- **MATERIAL FOR THE TASK**:
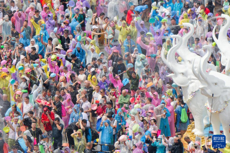 4月15日,人们在云南省西双版纳傣族自治州景洪市泼水广场泼水狂欢。
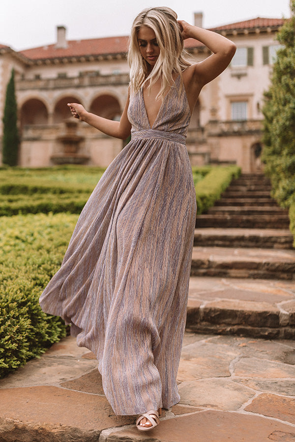 This luxurious maxi embodies elegance with its deep v-neck and metallic accents! The low back is open except for the adjustable, criss crossed spaghetti straps and the zipper that goes up to the waistline. There is no doubt people will stop and stare when you wear this stunning dress, especially when you style it with our "Casual Elegance Clutch in Royal Plum" and "The Smolder Metallic Heel!"
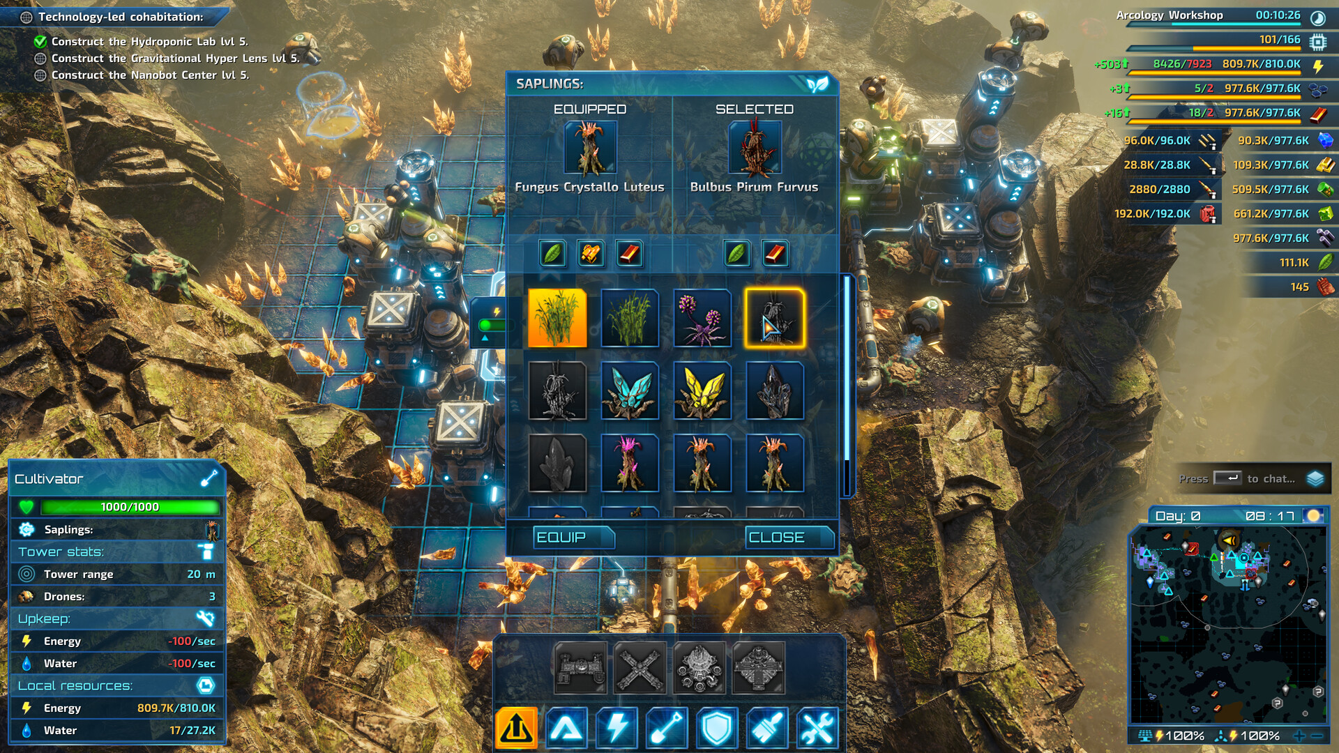 Galatea 37 is an unknown planet in the Sycorax belt of the Milky Way galaxy. Long distance surveys detected that it is inhabitable and perfect for colonization. The planet is full of rare minerals and substances that can be found in various locations around the globe. Varied biomes can surprise you with unknown fauna and flora as well as harsh weather conditions. Construct local outposts in resource-rich locations that will transport the required resources using rift technology.
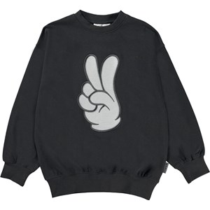 Mar is een zwarte trui met een stukje van een hand, dat een vredesteken vormt. De trui heeft ribboord rond de hals, mouwen en onderkant.
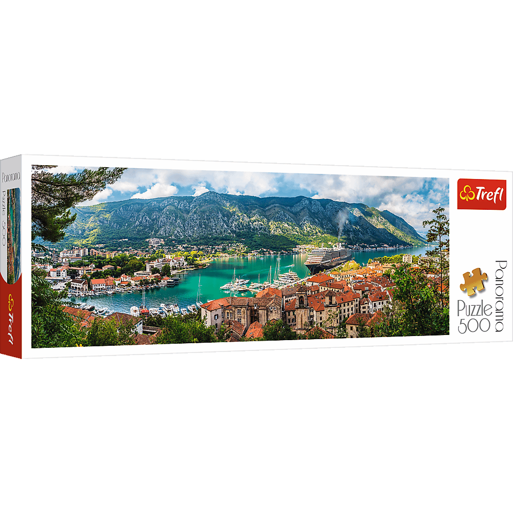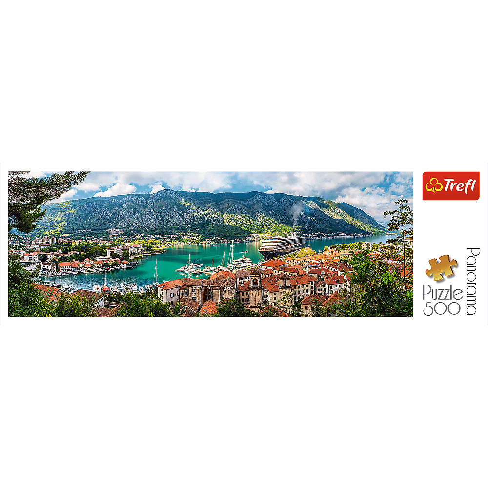 Пазли - (500 елм.) Панорама - "Котор" Чорногорія Панорамний пазл з 500 деталей, що зображає Чорногорський Котор. Після складання буде створена картинка розміром 660 х 237 мм. Виріб виготовлено з якісних матеріалів із застосуванням спеціального каландрового світловідбиваючого паперу, який полегшує складання.
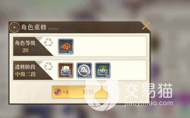 玩家在进入“角色”以后,点击想重置的角色,点击上面的第一个标志就可以进入“角色重修”了,在这里我们可以看到重修后可以获得 的资源,再点击“重修”这个角色就可以被重置了。
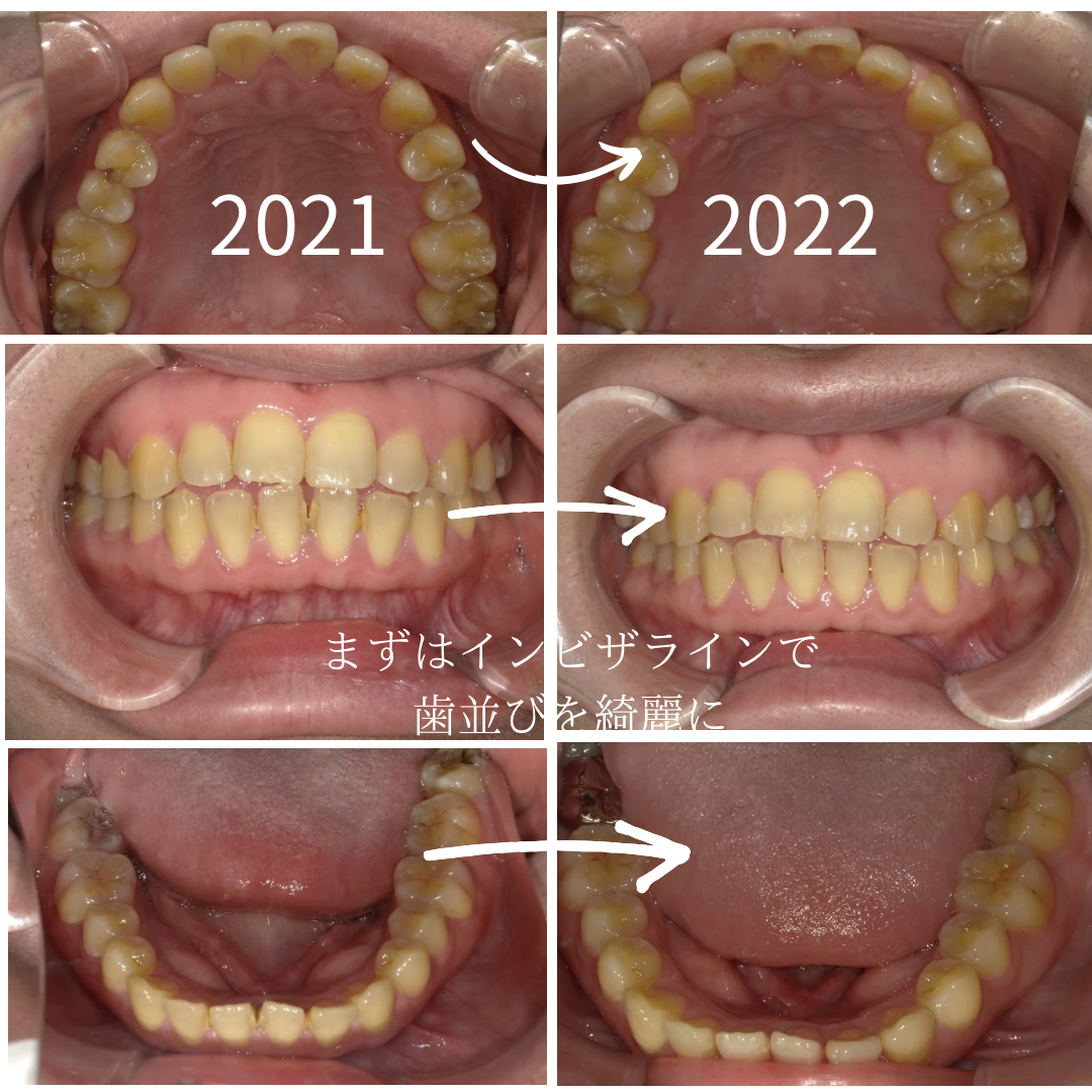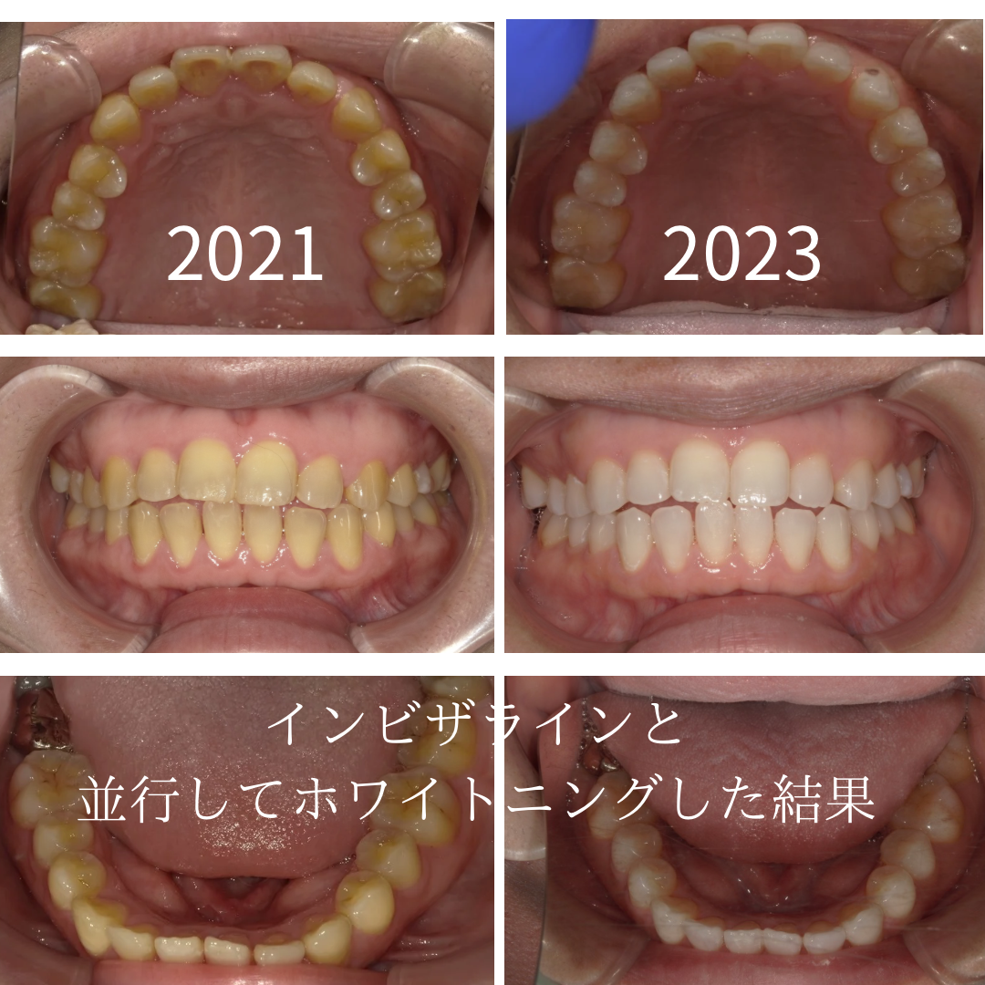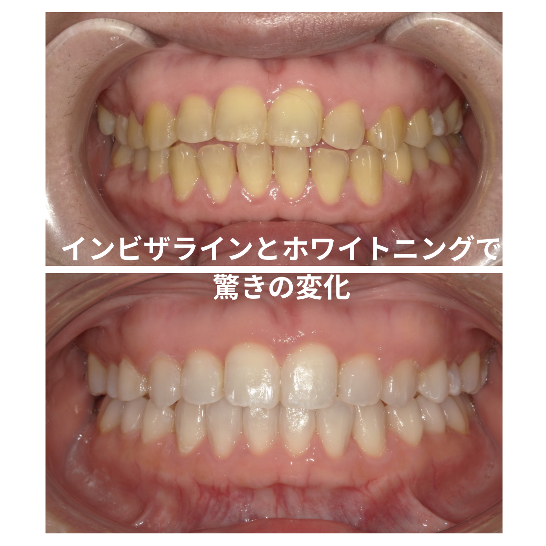 今日は、インビザラインとホワイトニングを両方された方のビフォーアフターをご紹介します。
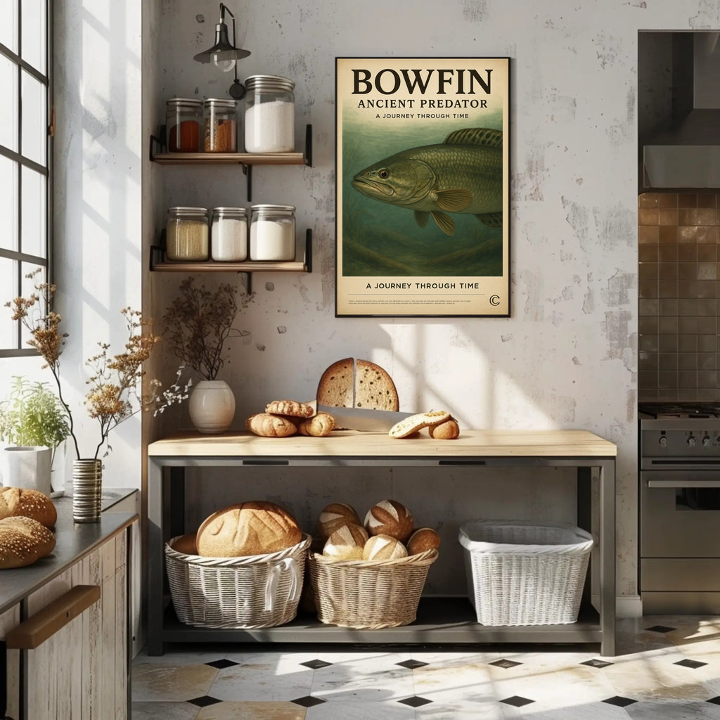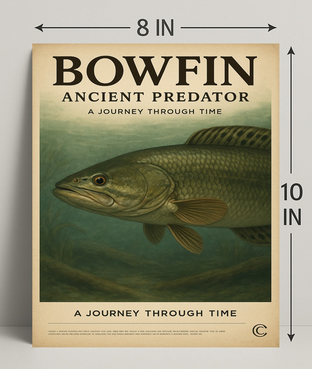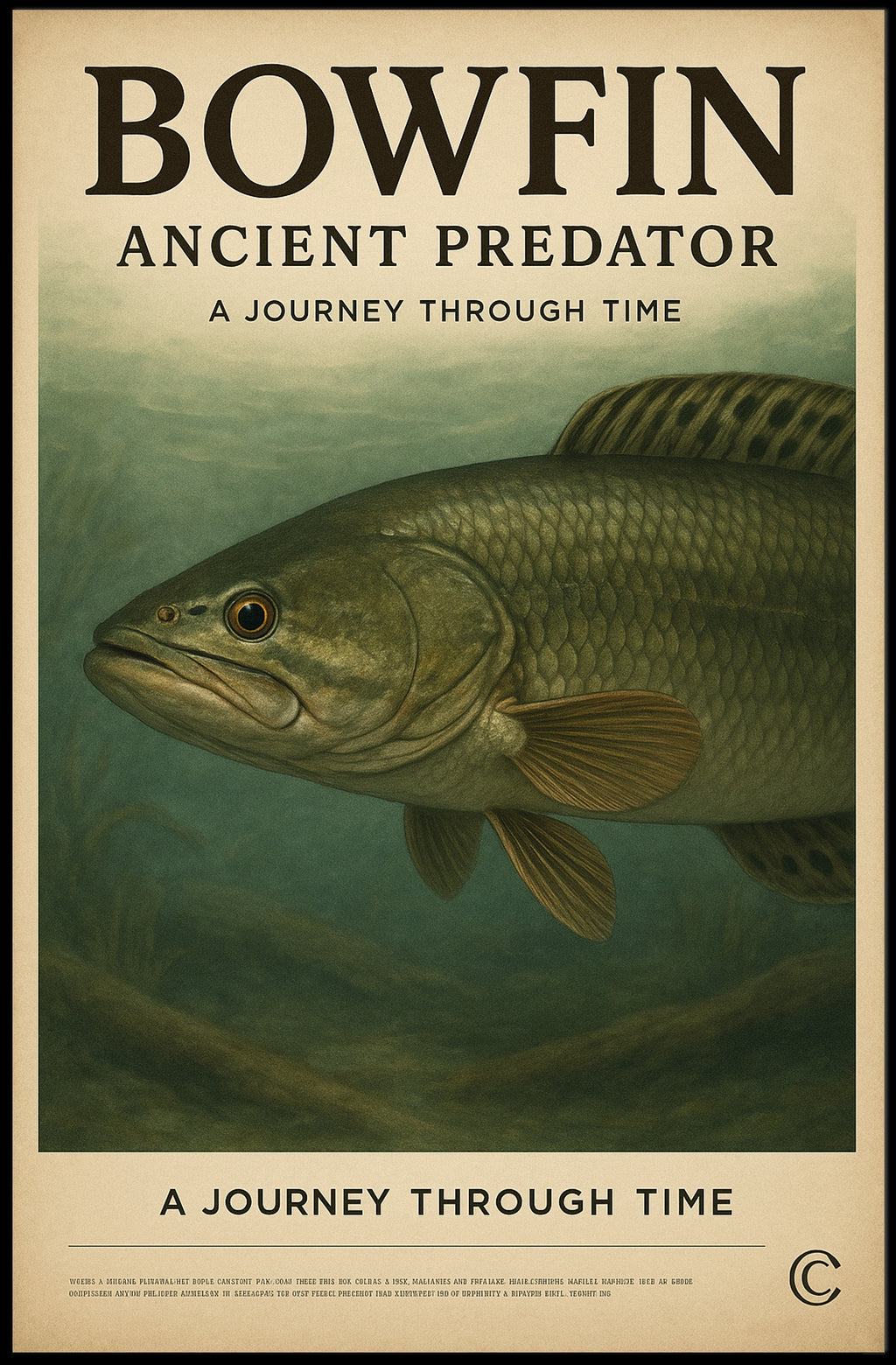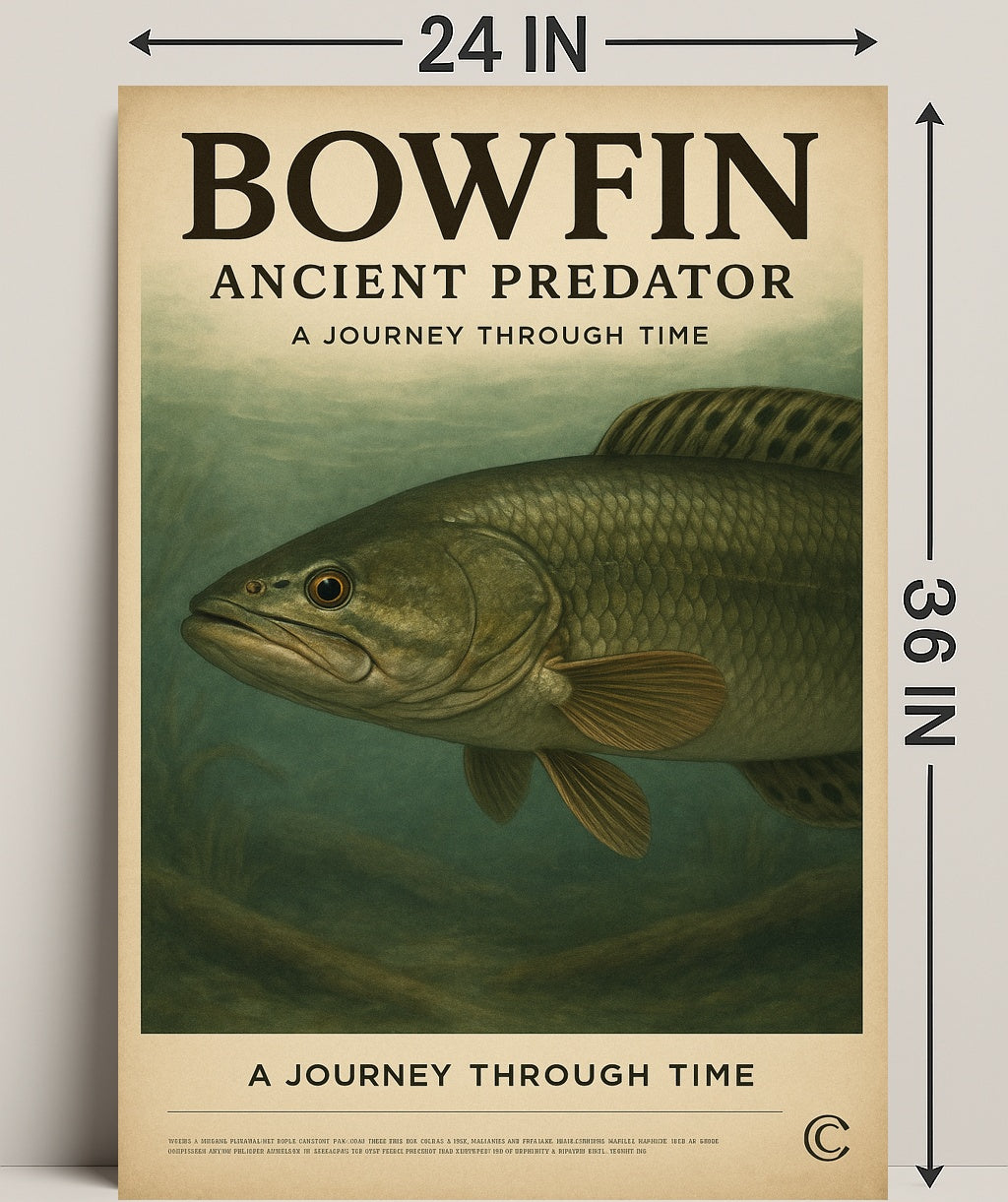 Bowfin Ancient Predator Poster — a striking, museum-style art print from PosterGoat that brings the ancient elegance of the bowfin to your walls. This poster pairs vintage typography with a finely detailed underwater illustration, creating a timeless piece that fits perfectly in modern and minimalist interiors.
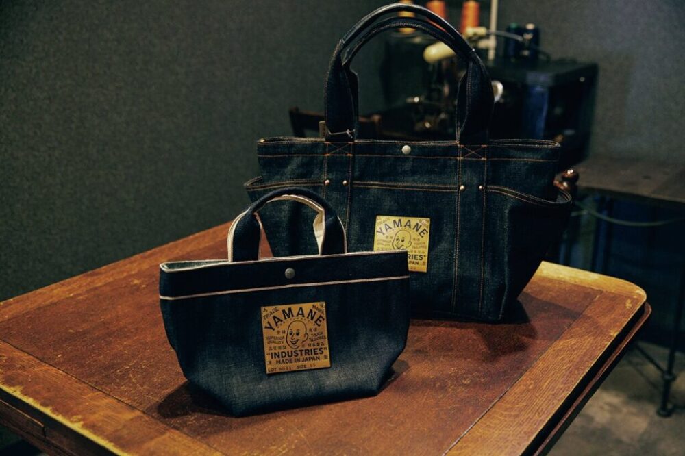 またオリジナルデニム生地を使用した自社工房のみで生産されるデニム製のバッグも数型用意。徐々にファッション小物も企画しており、それらが店頭に並ぶ日が待ち遠しいものだ。
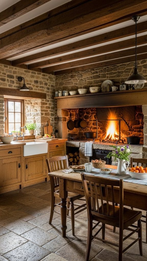 10. Traditional Stone Hearth Kitchen with Wooden Beams
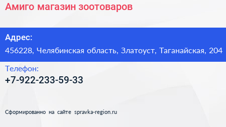 Амиго, магазин зоотоваров по адресу 456228, Челябинская область, Златоуст, Таганайская, 204 в дальнейшем Организация, размещена в следующих категориях:
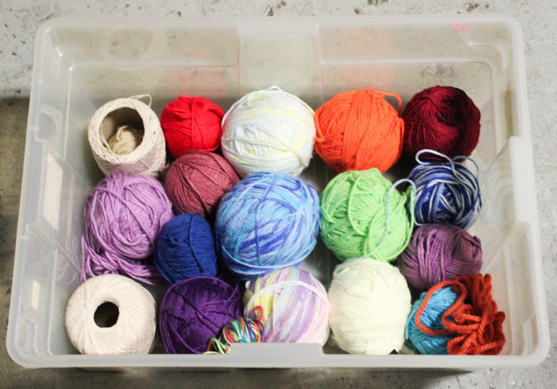 BIG NEETING LOT W. YARN AND WOOL BALLS.
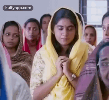 Nimisha Sajayan, wearing a yellow scarf, is seen praying with hands clasped among a group of women.
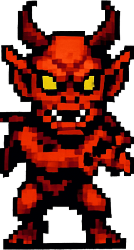 A sprite sheet for a demonic imp.Two walking sprites alternating feet and one attack sprite. Straight forward frontal view. Imp is facing the camera. White background. Retro pixel art..
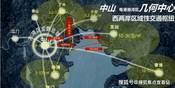 中山是整个粤港澳大湾区规划的几何中心,同时也被赋予建设“珠江西岸综合交通枢纽”的任 务,打造“湾区 30 分钟生活圈,港澳 1 小时内互达”的交通枢纽体系。

- **TASK TO COMPLETE**:
Restate word for word the lines above that start at the line containing "A sprite sheet" and run to the end of the listing; exclude the pictures.

- **SOLUTION TO THE PROBLEM**:
 A sprite sheet for a demonic imp.Two walking sprites alternating feet and one attack sprite. Straight forward frontal view. Imp is facing the camera. White background. Retro pixel art..
 中山是整个粤港澳大湾区规划的几何中心,同时也被赋予建设“珠江西岸综合交通枢纽”的任 务,打造“湾区 30 分钟生活圈,港澳 1 小时内互达”的交通枢纽体系。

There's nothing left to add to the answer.